Macintyre, Ronald and Thomson, Joan (2013). Approaching work and learning indirectly. In: RWL8 - 8th International Conference on Researching Work and Learning 2013, 19-22 Jun 2013, Stirling, UK.



This paper approaches work and learning indirectly. It is part of a mixed method longitudinal study that looks at the articulation from Higher National (HN) to part time Higher Education (HE). Since 2003 the Open University in Scotland (OU) has been collecting quantitative and qualitative data on students who have HN qualifications. This paper looks at the experiences of those students and the central place of work in those journeys.

The paper beings with a statistical overview. HN Students that come to the OU tend to be older, the majority are in employment, they tend to reside in more deprived areas, and are often motivated by career aspiration. Their HN qualifications tend to cluster around the applied subjects as do the subjects they chose with the OU (Engineering and Technology, Education, and Health and Social Care). The picture is of widening HE participation in applied subjects.

The paper then looks at the interview data from the 2011-12 study. Choosing a vocational pathway is not always determined by exam results (some had HE entry qualifications), expectations and opportunities are important. Critical incidents at the end of school (births and deaths) were part of that narrative, as were family expectations around the “safe place” provided by vocational pathways, along with the sense that HE study was not for them. Overall participants narrated “bumpy” interrupted transitions between education and employment. Stories that emphasised social and structural barriers, personal autonomy, and stories that seemed to call into question how useful it is to talk about definite transitions between education and employment.

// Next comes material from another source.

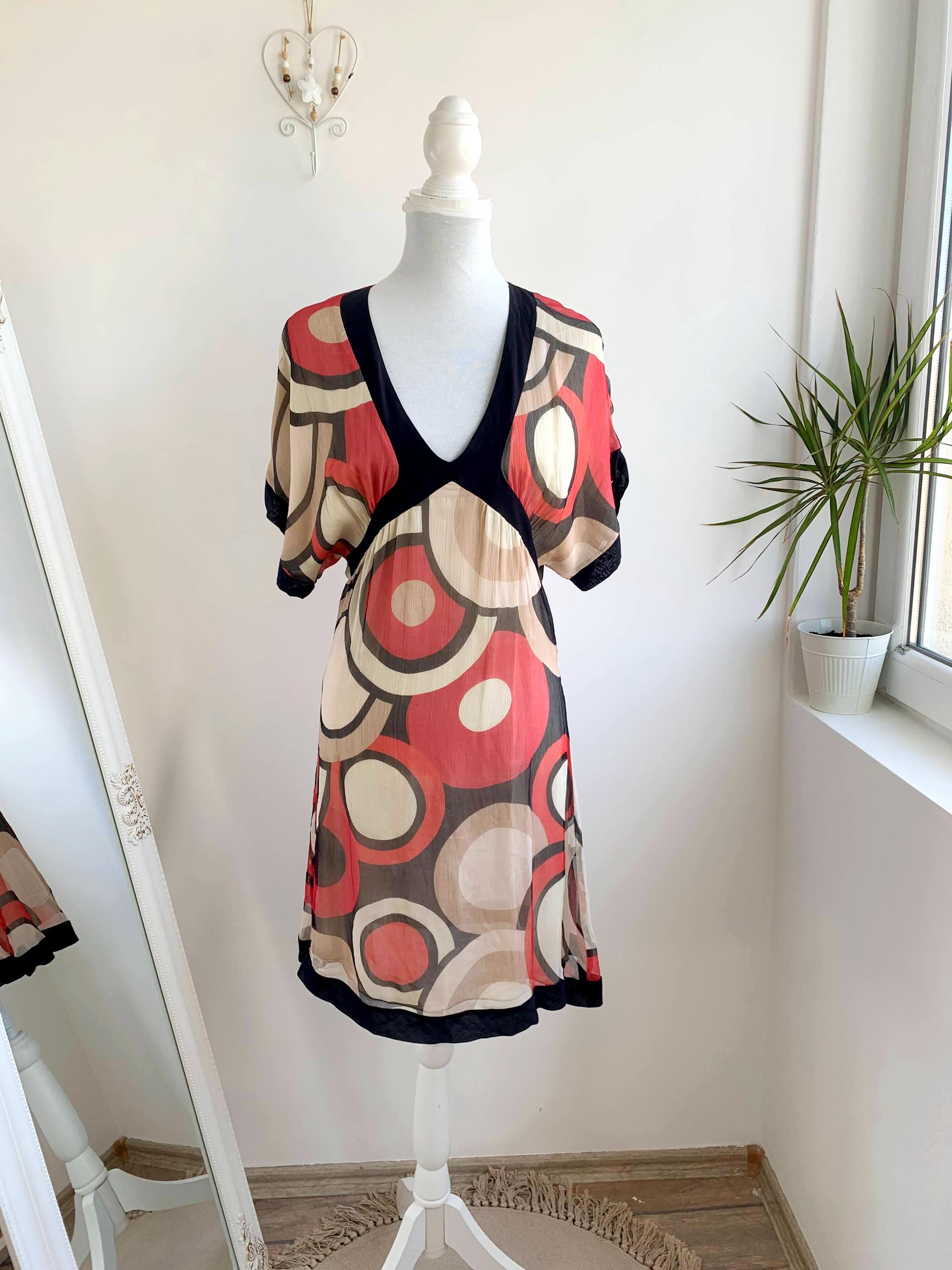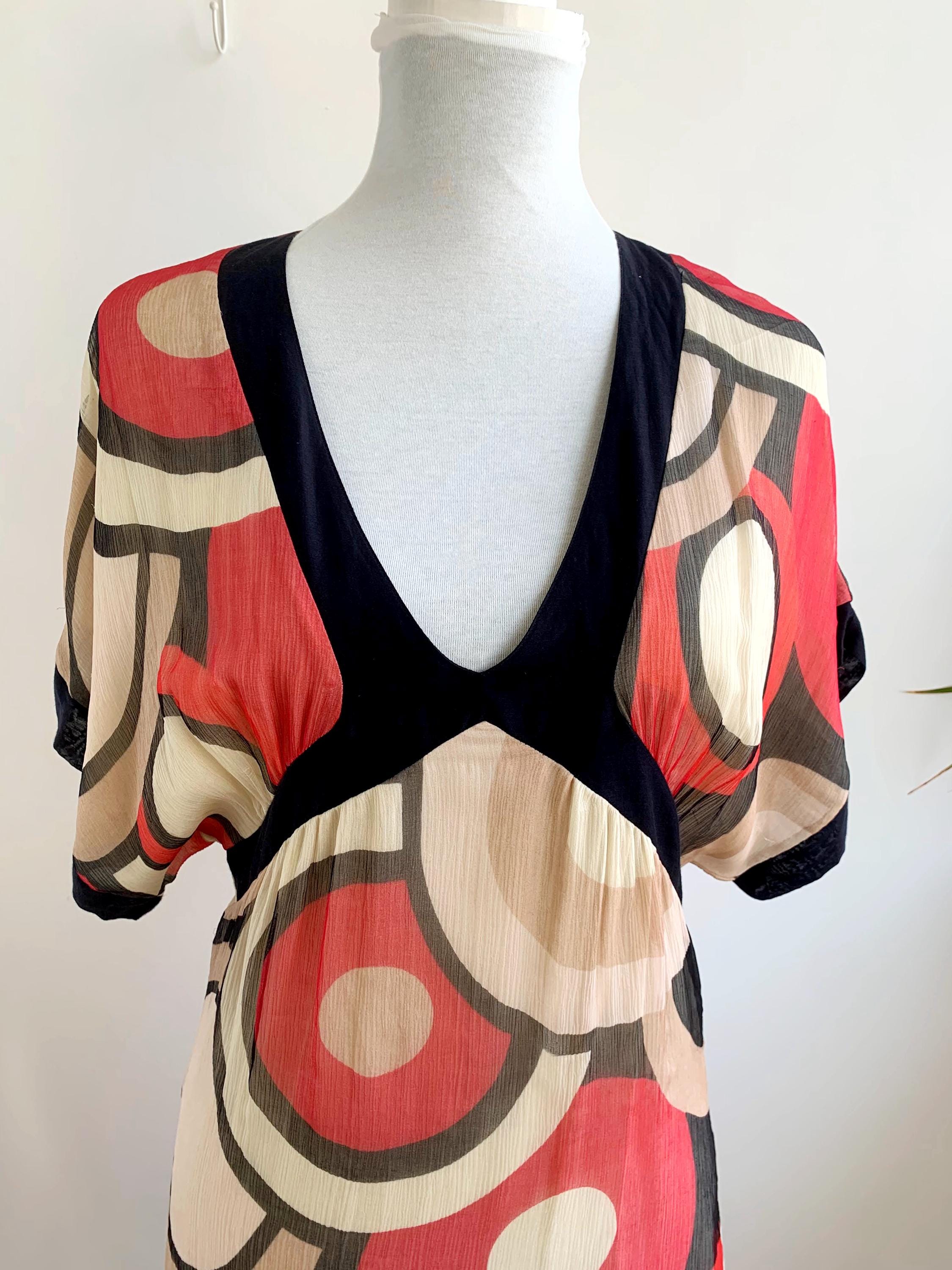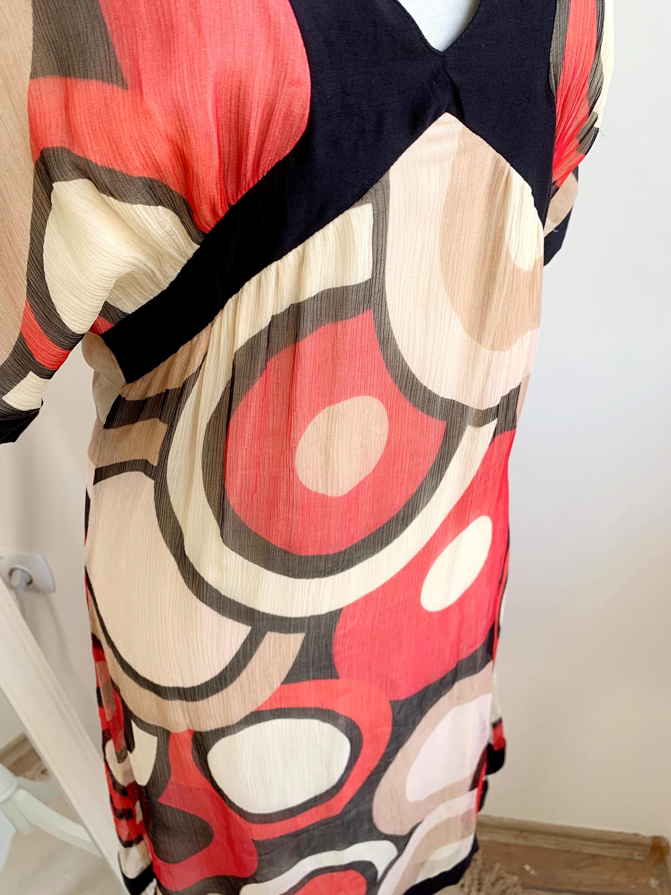 This is a beautiful vintage 90s Italian cotton silk dress by Patrizia Pepe, made of silk and cotton blend fabric in size S. This vintage sheer dress has deep V neck and short kimono sleeves. This A line tranparent dress has light lining underneath. This novelty print see through dress has pretty circle geometric print in shades of beige, red and black.

The vocational focus of most HN study means it is normal to regard work as the natural place for learning. This focus on practice means participants think of competence as something that develops formally and informally at and through work after they “qualify”. Interviewees seemed to accept that there was no job or role for life. The paper also considers the motivations for engaging in HE study. For these students work remains the principal focus. Just like HN, part-time distance learning is considered a “safe place” as people can balance study and work. “Getting on” or “getting out” feature strongly. For example, participants found themselves in roles that required HE qualifications, and sought the security and “mobility” that aligning their experience with a qualification would bring. Many cited personal factors; they looked back to “missed opportunities” with regret. However, it became apparent that what starts as personal leads to reflections on career progression and change as studies progress. The paper concludes with some reflections on the ways that articulation between HN and part-time study widens participation in HE. For those in work it also destabilises notions of smooth or appropriate transitions, and questions the boundaries between the personal and the professional.